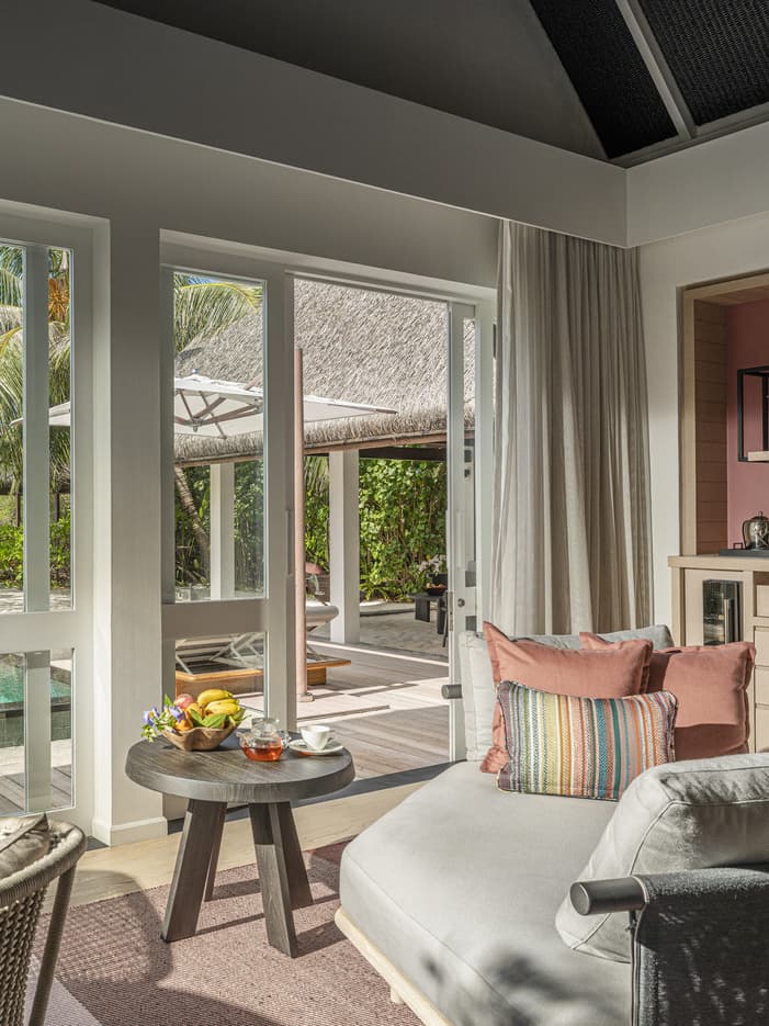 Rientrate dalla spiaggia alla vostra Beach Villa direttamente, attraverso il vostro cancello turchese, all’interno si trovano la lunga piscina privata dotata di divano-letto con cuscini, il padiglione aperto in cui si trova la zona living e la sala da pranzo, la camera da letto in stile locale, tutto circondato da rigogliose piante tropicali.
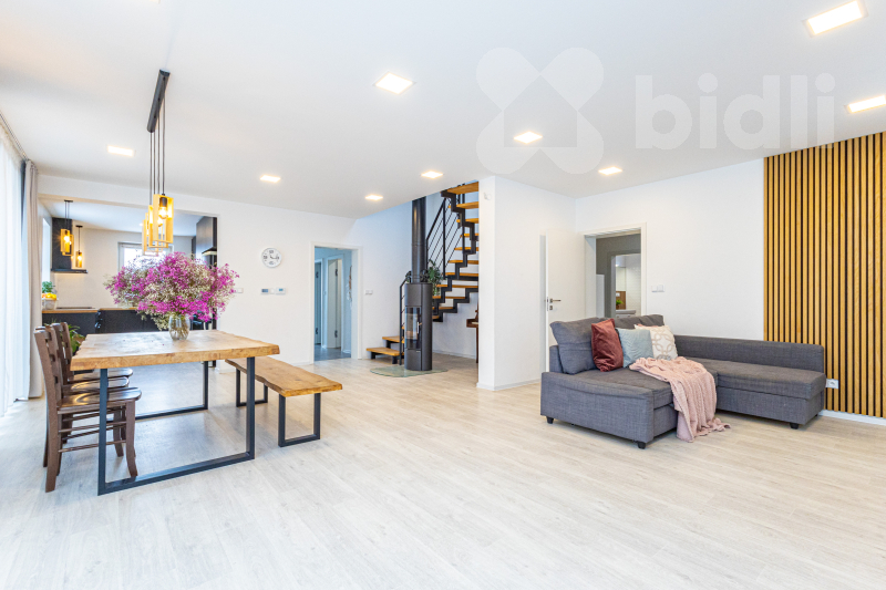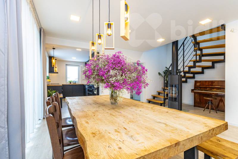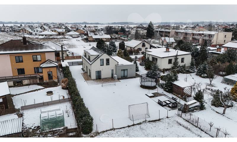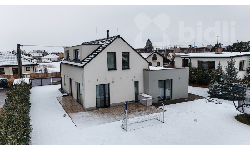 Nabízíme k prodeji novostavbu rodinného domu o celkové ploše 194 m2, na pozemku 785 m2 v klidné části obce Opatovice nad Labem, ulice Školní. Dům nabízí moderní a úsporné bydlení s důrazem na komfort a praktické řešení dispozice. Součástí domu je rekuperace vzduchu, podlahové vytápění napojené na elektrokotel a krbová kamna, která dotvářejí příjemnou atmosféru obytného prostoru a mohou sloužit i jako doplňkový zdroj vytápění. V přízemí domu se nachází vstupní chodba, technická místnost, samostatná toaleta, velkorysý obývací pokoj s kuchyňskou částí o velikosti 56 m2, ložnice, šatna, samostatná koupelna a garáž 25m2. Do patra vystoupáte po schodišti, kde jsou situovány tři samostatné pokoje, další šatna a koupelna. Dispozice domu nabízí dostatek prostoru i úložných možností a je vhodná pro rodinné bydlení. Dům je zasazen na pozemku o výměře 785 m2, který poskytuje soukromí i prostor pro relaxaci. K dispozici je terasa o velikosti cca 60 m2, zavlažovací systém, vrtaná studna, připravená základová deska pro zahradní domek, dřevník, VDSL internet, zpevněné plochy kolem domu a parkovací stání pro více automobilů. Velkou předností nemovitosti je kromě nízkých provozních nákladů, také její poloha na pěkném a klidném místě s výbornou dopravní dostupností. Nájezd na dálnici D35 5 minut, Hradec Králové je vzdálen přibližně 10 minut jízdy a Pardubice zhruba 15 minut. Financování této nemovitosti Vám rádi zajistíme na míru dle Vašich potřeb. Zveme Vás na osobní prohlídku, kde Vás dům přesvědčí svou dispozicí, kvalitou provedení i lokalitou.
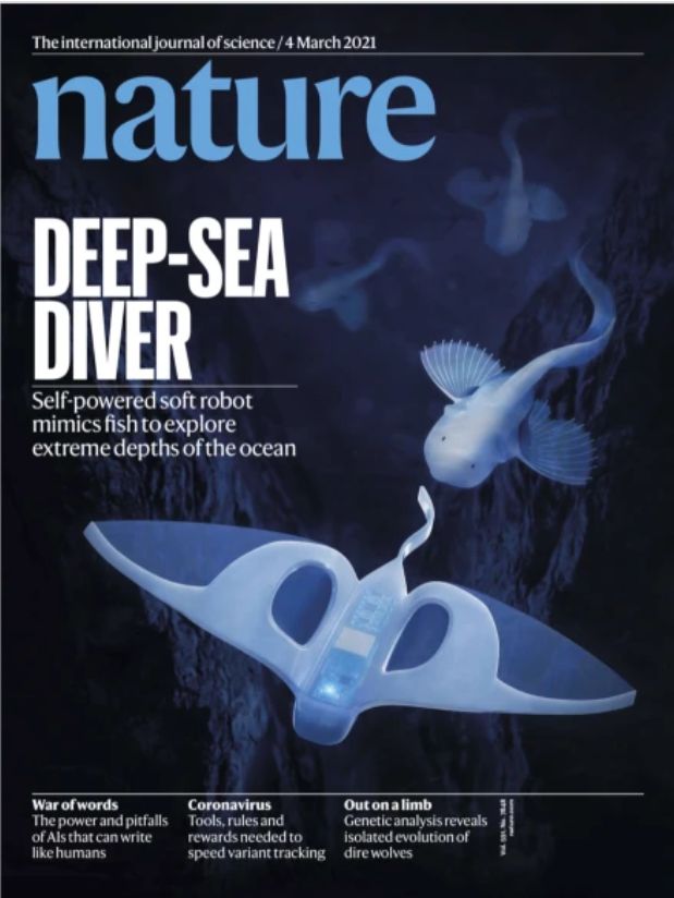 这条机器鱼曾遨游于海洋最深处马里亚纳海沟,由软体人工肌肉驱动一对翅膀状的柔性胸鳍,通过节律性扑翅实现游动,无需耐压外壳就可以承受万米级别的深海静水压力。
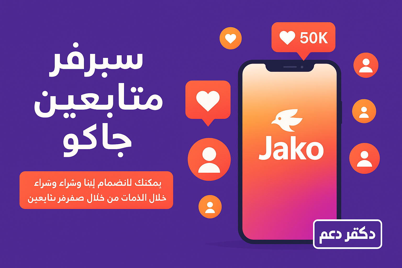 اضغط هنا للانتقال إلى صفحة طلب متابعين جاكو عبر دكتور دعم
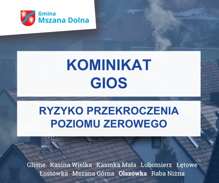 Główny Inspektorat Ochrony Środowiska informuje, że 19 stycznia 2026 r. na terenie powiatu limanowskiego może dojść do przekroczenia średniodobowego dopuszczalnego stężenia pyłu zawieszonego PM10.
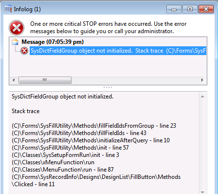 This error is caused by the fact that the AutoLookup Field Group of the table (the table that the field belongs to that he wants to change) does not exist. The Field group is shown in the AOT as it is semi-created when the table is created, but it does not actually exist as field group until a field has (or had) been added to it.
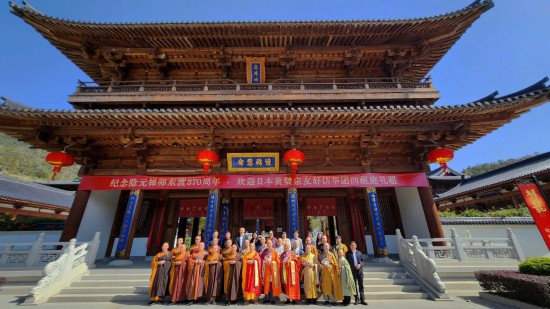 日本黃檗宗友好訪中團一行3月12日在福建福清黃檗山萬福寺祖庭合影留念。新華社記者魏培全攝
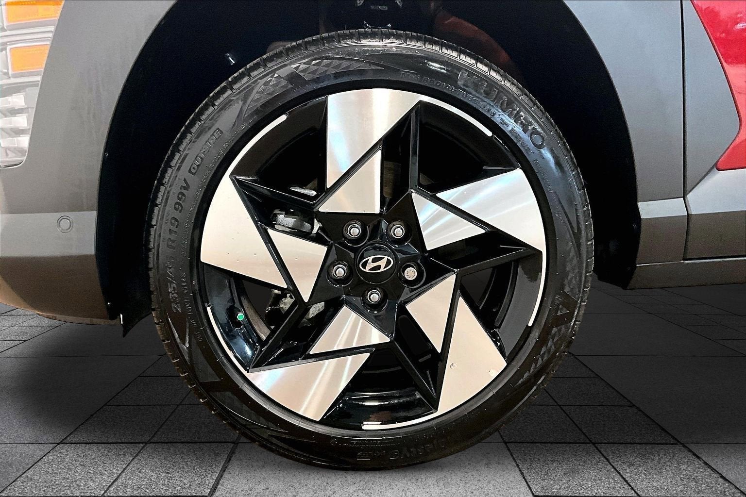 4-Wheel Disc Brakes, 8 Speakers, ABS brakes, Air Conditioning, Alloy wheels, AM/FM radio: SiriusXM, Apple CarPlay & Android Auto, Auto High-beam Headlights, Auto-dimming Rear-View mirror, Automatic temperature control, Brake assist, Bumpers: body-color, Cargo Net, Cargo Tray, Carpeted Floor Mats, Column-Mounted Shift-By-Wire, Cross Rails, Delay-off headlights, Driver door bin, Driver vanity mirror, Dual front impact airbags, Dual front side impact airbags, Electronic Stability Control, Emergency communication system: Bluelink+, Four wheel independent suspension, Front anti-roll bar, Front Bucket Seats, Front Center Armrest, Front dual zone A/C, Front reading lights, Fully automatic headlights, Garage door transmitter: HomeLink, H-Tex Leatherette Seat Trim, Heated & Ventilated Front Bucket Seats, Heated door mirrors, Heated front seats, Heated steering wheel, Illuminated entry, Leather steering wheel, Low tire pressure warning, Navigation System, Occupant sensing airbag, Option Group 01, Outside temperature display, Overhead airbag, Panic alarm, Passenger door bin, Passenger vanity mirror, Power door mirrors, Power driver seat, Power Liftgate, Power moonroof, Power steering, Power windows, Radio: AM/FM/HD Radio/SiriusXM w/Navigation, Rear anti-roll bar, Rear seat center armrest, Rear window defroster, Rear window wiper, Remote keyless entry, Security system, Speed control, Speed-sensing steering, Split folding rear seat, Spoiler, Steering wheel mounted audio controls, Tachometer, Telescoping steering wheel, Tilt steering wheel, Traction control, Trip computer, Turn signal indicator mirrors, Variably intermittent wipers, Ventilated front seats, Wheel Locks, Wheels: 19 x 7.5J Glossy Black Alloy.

########

Work required
For this exercise, set down the lines in the entries above from the one with "This error is" through the one with "日本黃檗宗友好訪中團一行3月" exactly as written, without any pictures.

Reply to the task
 This error is caused by the fact that the AutoLookup Field Group of the table (the table that the field belongs to that he wants to change) does not exist. The Field group is shown in the AOT as it is semi-created when the table is created, but it does not actually exist as field group until a field has (or had) been added to it.
 日本黃檗宗友好訪中團一行3月12日在福建福清黃檗山萬福寺祖庭合影留念。新華社記者魏培全攝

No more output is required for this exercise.